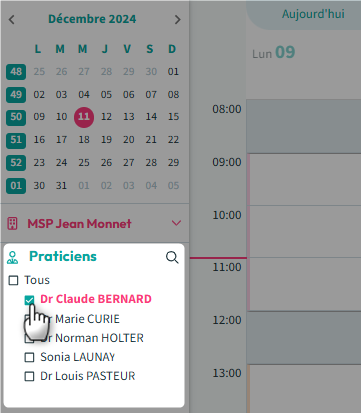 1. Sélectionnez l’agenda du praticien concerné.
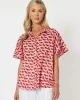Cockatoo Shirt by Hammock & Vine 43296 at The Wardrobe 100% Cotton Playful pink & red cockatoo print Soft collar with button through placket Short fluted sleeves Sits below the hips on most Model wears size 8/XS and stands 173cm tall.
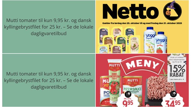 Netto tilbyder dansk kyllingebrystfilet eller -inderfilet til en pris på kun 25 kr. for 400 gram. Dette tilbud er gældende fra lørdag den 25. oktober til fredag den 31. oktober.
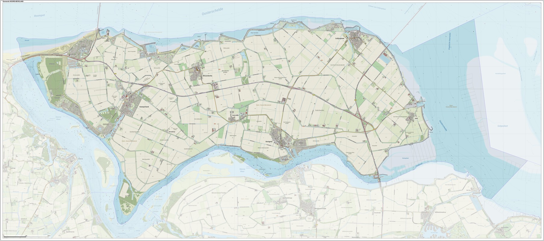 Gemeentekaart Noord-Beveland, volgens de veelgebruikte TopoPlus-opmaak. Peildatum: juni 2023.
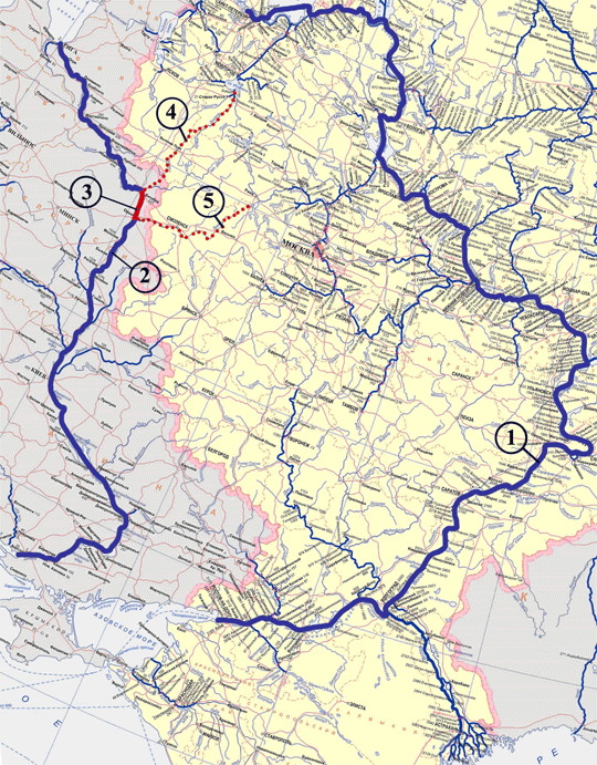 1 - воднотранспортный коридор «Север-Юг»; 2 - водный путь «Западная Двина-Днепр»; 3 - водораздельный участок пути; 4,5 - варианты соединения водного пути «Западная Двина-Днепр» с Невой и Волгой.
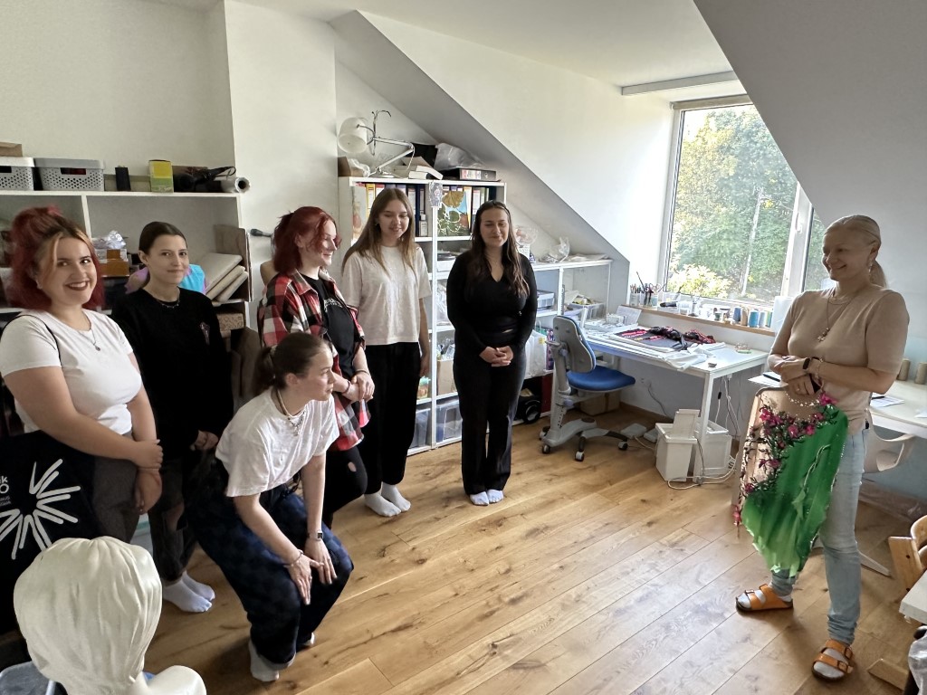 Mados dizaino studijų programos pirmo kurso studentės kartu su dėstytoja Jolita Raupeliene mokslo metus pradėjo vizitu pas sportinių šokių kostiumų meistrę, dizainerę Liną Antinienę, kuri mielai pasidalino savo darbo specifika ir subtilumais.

============

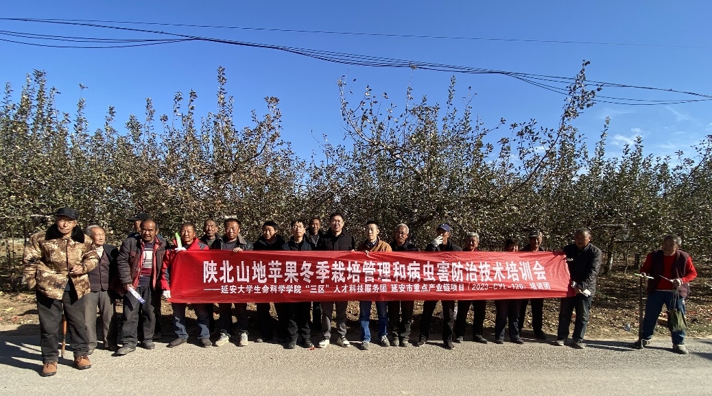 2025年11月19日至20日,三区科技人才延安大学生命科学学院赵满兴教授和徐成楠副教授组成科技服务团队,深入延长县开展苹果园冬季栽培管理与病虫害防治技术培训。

============

> [THE TASK]: Could the stretch from the line with "1. Sélectionnez l’agenda" through the line with "Mados dizaino studijų" in the listing above be restated word for word, minus the pictures?

> [SOLVED EXERCISE]:
 1. Sélectionnez l’agenda du praticien concerné.
Cockatoo Shirt by Hammock & Vine 43296 at The Wardrobe 100% Cotton Playful pink & red cockatoo print Soft collar with button through placket Short fluted sleeves Sits below the hips on most Model wears size 8/XS and stands 173cm tall.
 Netto tilbyder dansk kyllingebrystfilet eller -inderfilet til en pris på kun 25 kr. for 400 gram. Dette tilbud er gældende fra lørdag den 25. oktober til fredag den 31. oktober.
 Gemeentekaart Noord-Beveland, volgens de veelgebruikte TopoPlus-opmaak. Peildatum: juni 2023.
 1 - воднотранспортный коридор «Север-Юг»; 2 - водный путь «Западная Двина-Днепр»; 3 - водораздельный участок пути; 4,5 - варианты соединения водного пути «Западная Двина-Днепр» с Невой и Волгой.
 Mados dizaino studijų programos pirmo kurso studentės kartu su dėstytoja Jolita Raupeliene mokslo metus pradėjo vizitu pas sportinių šokių kostiumų meistrę, dizainerę Liną Antinienę, kuri mielai pasidalino savo darbo specifika ir subtilumais.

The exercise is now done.